Because the copy must hold no pictures, return the data below with all of its words intact.

*** Data excerpt ***

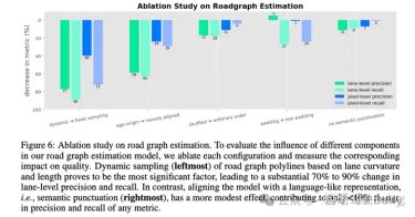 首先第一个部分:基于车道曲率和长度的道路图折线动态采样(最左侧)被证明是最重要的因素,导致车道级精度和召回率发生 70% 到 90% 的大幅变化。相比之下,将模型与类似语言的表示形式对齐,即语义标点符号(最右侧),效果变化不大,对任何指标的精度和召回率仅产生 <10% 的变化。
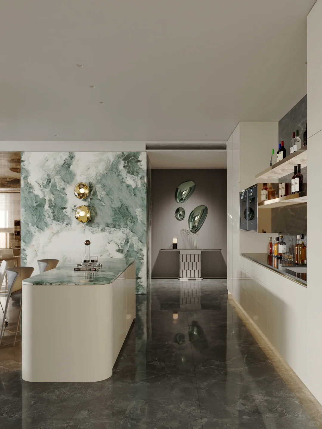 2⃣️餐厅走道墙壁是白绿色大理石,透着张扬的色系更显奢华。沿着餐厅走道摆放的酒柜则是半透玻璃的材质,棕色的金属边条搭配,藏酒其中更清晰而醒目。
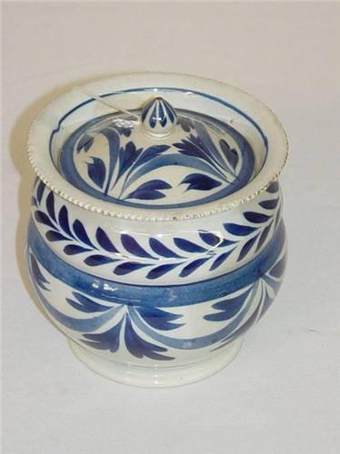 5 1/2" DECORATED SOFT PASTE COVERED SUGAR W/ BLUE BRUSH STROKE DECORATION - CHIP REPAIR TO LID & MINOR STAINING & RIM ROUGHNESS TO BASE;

*** End of Data excerpt ***

▶ Response:
 首先第一个部分:基于车道曲率和长度的道路图折线动态采样(最左侧)被证明是最重要的因素,导致车道级精度和召回率发生 70% 到 90% 的大幅变化。相比之下,将模型与类似语言的表示形式对齐,即语义标点符号(最右侧),效果变化不大,对任何指标的精度和召回率仅产生 <10% 的变化。
 2⃣️餐厅走道墙壁是白绿色大理石,透着张扬的色系更显奢华。沿着餐厅走道摆放的酒柜则是半透玻璃的材质,棕色的金属边条搭配,藏酒其中更清晰而醒目。
 5 1/2" DECORATED SOFT PASTE COVERED SUGAR W/ BLUE BRUSH STROKE DECORATION - CHIP REPAIR TO LID & MINOR STAINING & RIM ROUGHNESS TO BASE;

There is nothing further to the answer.